Chapter 5 Classifier Fusion Strategy
5.3 Classifiers Combining Rules—Combiners
After the selection of particular base-level classifiers, the next step is a search for a module that is needed to assemble the classifiers together, which is called the combiner. Combiners can be differentiated on the base of different characteristics— trainability, adaptivity, and
requirement of the output of individual classifier. Some combining techniques are adaptive in their nature.

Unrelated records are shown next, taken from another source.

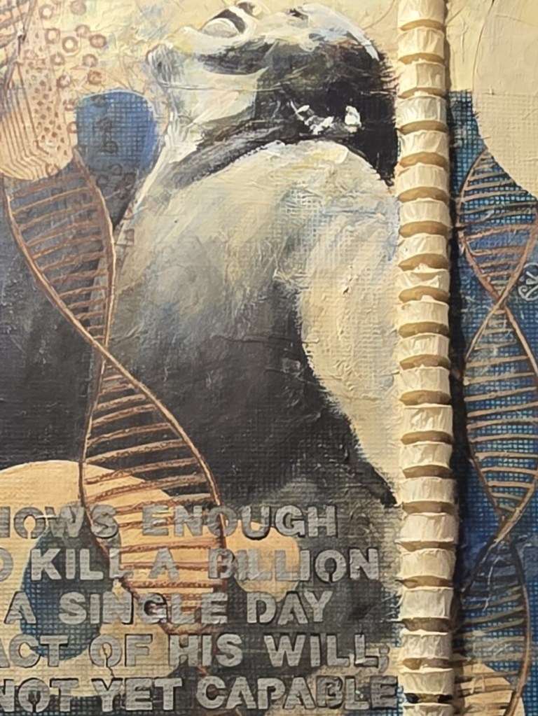 (Pictured: Marijo Swick, “Knowledge, Faith, Asimov” (detail), acrylic, rice paper. Photo by Beth Stewart.)
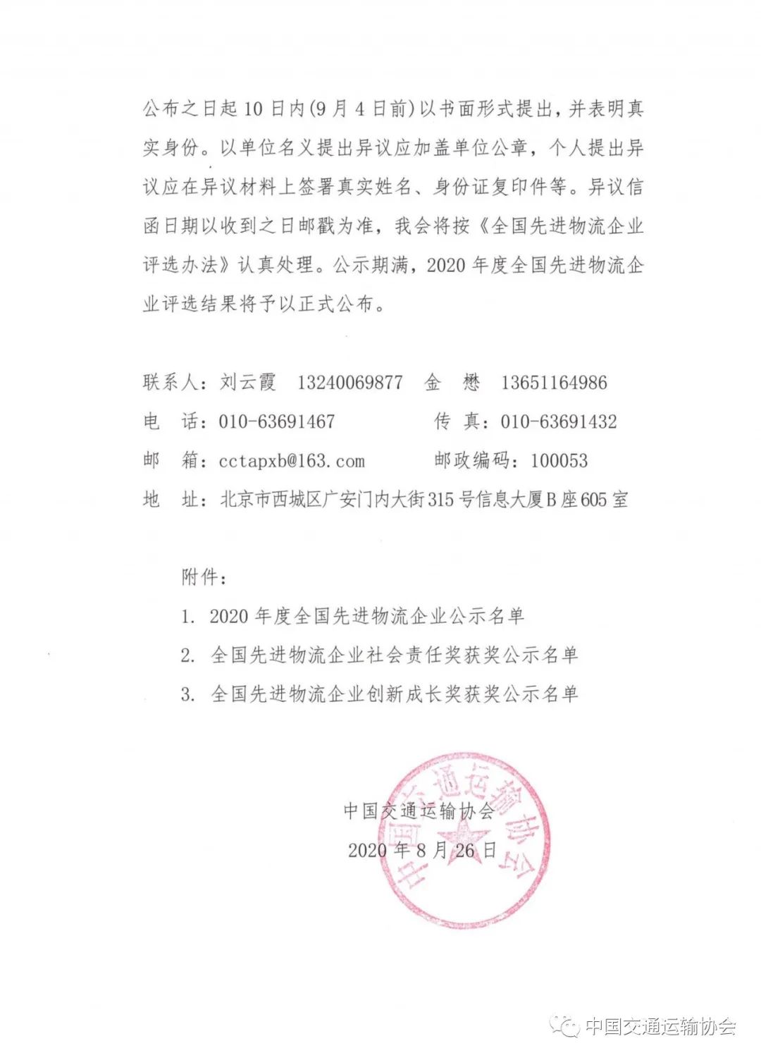 近日,由中國交通運輸協(xié)會主辦的全國先進物流企業(yè)活動評選結(jié)果公布,通過嚴格評選,臨沂天源國際物流有限公司被評為“2020年度全國先進物流企業(yè)”。
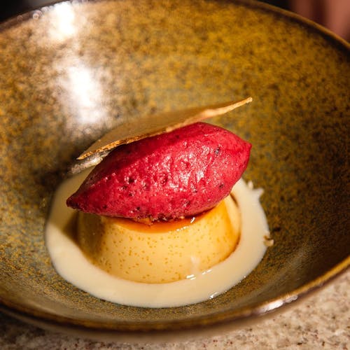 - 🍮. Crema Volteada: Pudim de leite em mel de cacau, creme inglês de cupuaçu, craqueline de castanhas e amora
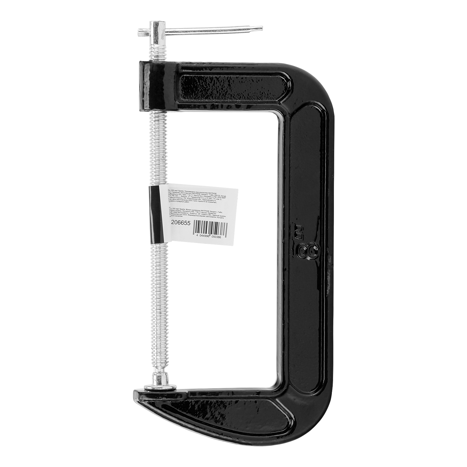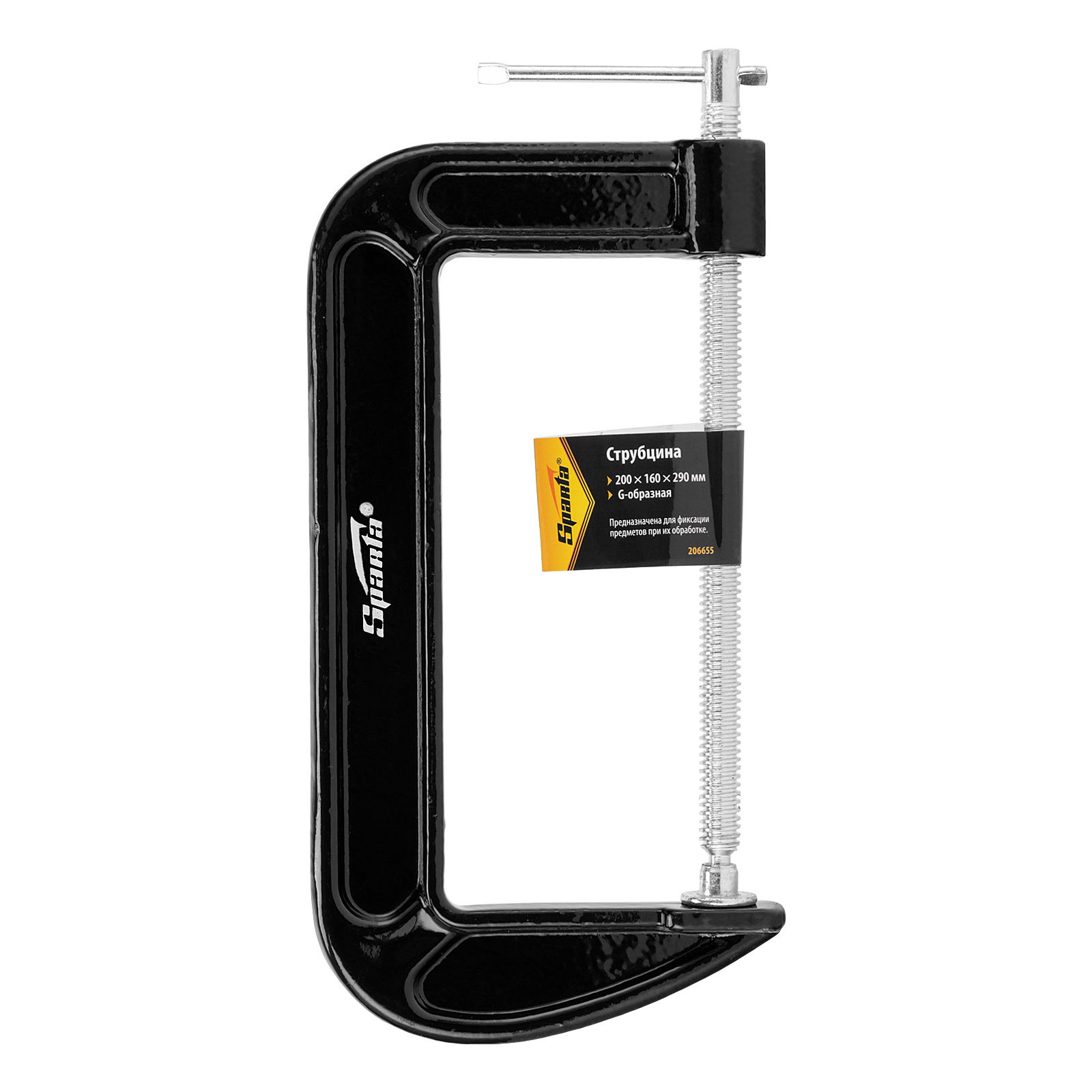 <p>G-образная струбцина Sparta 206655 с шириной зажима 200 мм надежно фиксирует различные детали для дальнейшего склеивания, сверления, пиления, шлифования или сварки. Винт с воротком и крупной червячной резьбой позволяет зажимать детали плавно и со значительным усилием. Струбцина будет полезна домашнему мастеру.</p><h2>Преимущества</h2><ul><li>Прочность — чугунная рама устойчива к нагрузкам.</li><li>Защита от коррозии и механических повреждений — на раму нанесено цветное лаковое покрытие.</li><li>Удобное использование — подвижный зажим обеспечивает надежную фиксацию заготовки.</li></ul>
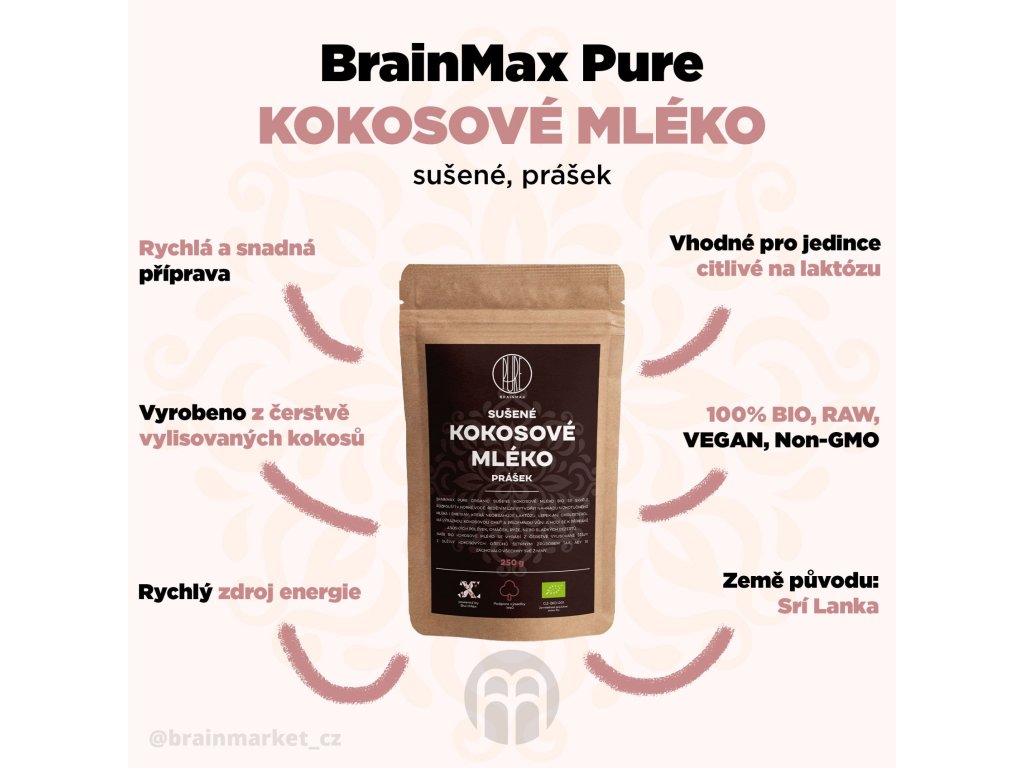 Přednosti BrainMax Pure kokosového mléka v prášku:
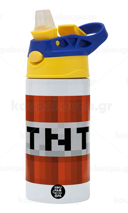 Minecraft TNT, Children's hot water bottle, stainless steel, with safety straw, green, blue (360ml) BPA FREE
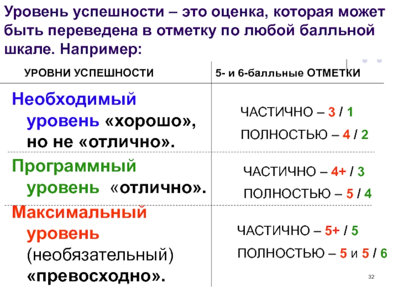 Слайд 32Уровень успешности – это оценка, которая может быть переведена в отметку
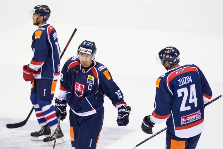 Sprava: Hráči Slovenska Peter Zuzin, Miroslav Šatan a Rastislav Špirko po hokejovom zápase v rámci Euro Hockey Challenge Slovensko - Rusko. Bratislava, 13. apríl 2014. Foto: SITA/Jozef Jakubčo

They work by evaluating the decisions of the individual classifiers depending on the input of individual classifier such as adaptive weighting [124], associative switch, mixture of local experts (MLE) [125], and hierarchical MLE.
Depending on the type of output from individual classifier, Xh et al. [126] grouped the expectation level in to three states: 1) measurement (or confidence), 2) rank, 3) abstract. At the measurement level the output of the classifier is a numerical number which indicates the chances of given output belongs to a particular class. At the rank level, the choice of the class depends on the highest rank assigns by the classifier. However, it is not necessary that a highest rank is also the highest confidence level. At the abstract level, the decision is normally made on the base of unique class label or class labels. Further to his explanation, he added that the confidence level provides the highest information about the decision of a class while abstract level provides the least information.
A combination process consists of a set of individual classifiers (base-level classifiers) and a combining rule which combines the results of individual classifiers for a final decision. When and how the base-level classifiers will work together depends upon the combination scheme. According to Anil et al. [119] the combination schemes could be differentiated on the basis of their architecture, the characteristics of the combiner, and the selection of the individual classifies.
On the basis of the architecture, the combining schemes are divided into three categories, that are addressed in [119]; 1) parallel, 2) cascading (or serial combination), 3) hierarchical (tree like). In the parallel scheme, all the base-level classifiers are invoked separately and independently and later the results are combined by a combiner. In the cascading style, the individual classifiers are invoked in a linear sequence. For the sake of efficiency the cheap classifiers in term of computational time and measurement demands, are invoked first followed by the most accurate and the expensive one. In the hierarchical architecture, the
base-level classifiers are combines into a decision tree like structure.
In our implementation of classifier Fusion strategy, parallel architecture is selected due to its simplicity, less computational time and also higher confidence level.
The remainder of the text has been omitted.